[TASK TO COMPLETE]:
The pictures in the listing below are to be skipped, while the lines between the line holding "2026 年 1 月 10" and the line holding "はり底 取っ手/フェノール樹脂 |", inclusive, are to be output exactly.

[DATASET ENTRIES]:
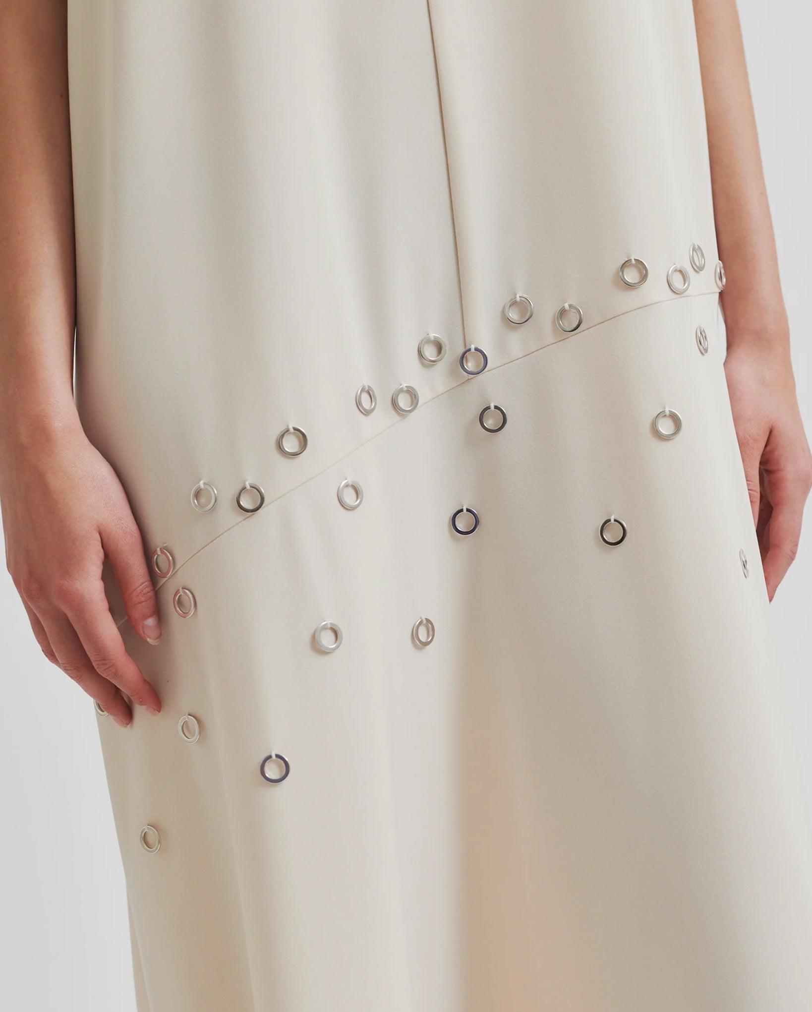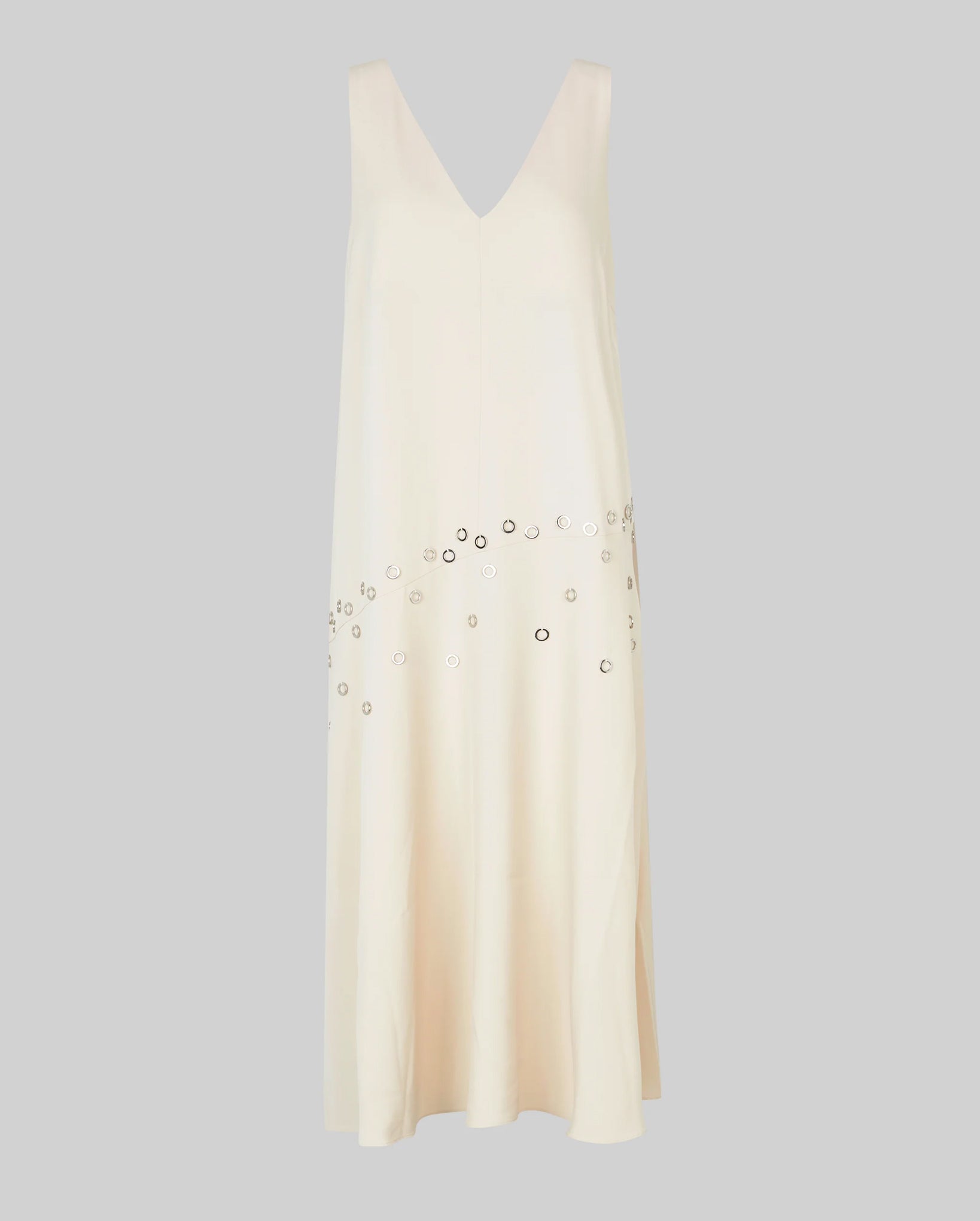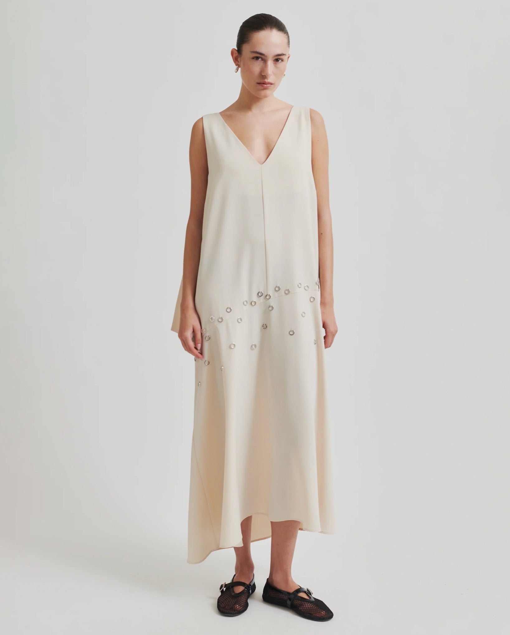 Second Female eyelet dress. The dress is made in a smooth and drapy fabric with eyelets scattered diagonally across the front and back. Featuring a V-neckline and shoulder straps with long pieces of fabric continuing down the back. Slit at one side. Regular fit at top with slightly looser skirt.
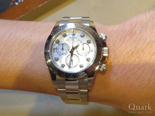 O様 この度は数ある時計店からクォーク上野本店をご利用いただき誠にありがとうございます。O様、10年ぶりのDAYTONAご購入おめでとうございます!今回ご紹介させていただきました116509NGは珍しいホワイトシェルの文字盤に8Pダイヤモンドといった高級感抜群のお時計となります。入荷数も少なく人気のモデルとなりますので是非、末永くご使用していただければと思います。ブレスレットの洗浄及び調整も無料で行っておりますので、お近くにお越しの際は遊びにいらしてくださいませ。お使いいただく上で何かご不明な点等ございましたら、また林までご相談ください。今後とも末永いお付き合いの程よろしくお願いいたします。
---
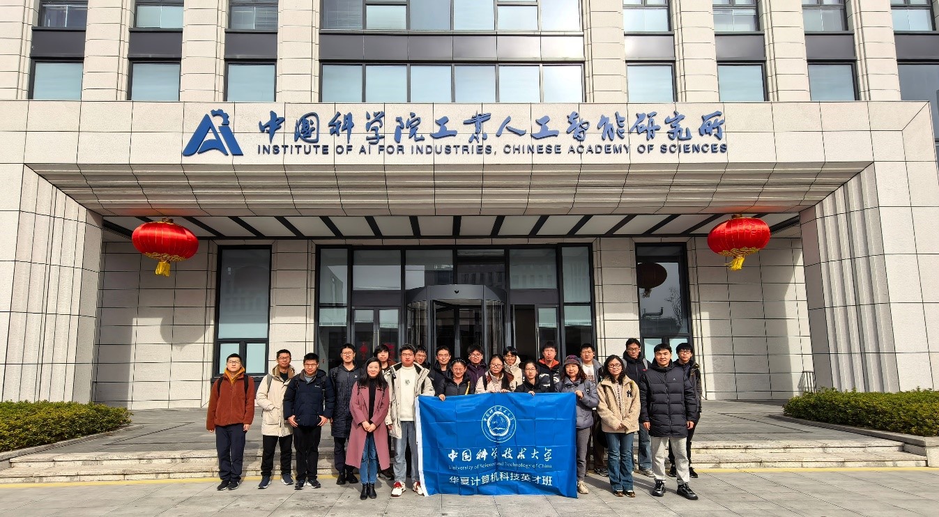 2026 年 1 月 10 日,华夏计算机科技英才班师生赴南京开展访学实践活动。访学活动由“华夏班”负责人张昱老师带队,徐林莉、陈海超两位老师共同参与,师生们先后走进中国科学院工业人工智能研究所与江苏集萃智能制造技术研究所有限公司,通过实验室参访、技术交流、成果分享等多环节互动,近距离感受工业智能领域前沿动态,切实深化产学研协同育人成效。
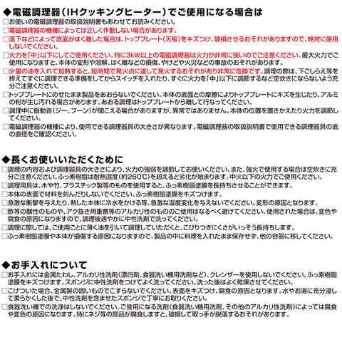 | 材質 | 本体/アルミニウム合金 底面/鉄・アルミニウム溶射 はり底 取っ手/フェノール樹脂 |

[TASK SOLUTION]:
 2026 年 1 月 10 日,华夏计算机科技英才班师生赴南京开展访学实践活动。访学活动由“华夏班”负责人张昱老师带队,徐林莉、陈海超两位老师共同参与,师生们先后走进中国科学院工业人工智能研究所与江苏集萃智能制造技术研究所有限公司,通过实验室参访、技术交流、成果分享等多环节互动,近距离感受工业智能领域前沿动态,切实深化产学研协同育人成效。
 | 材質 | 本体/アルミニウム合金 底面/鉄・アルミニウム溶射 はり底 取っ手/フェノール樹脂 |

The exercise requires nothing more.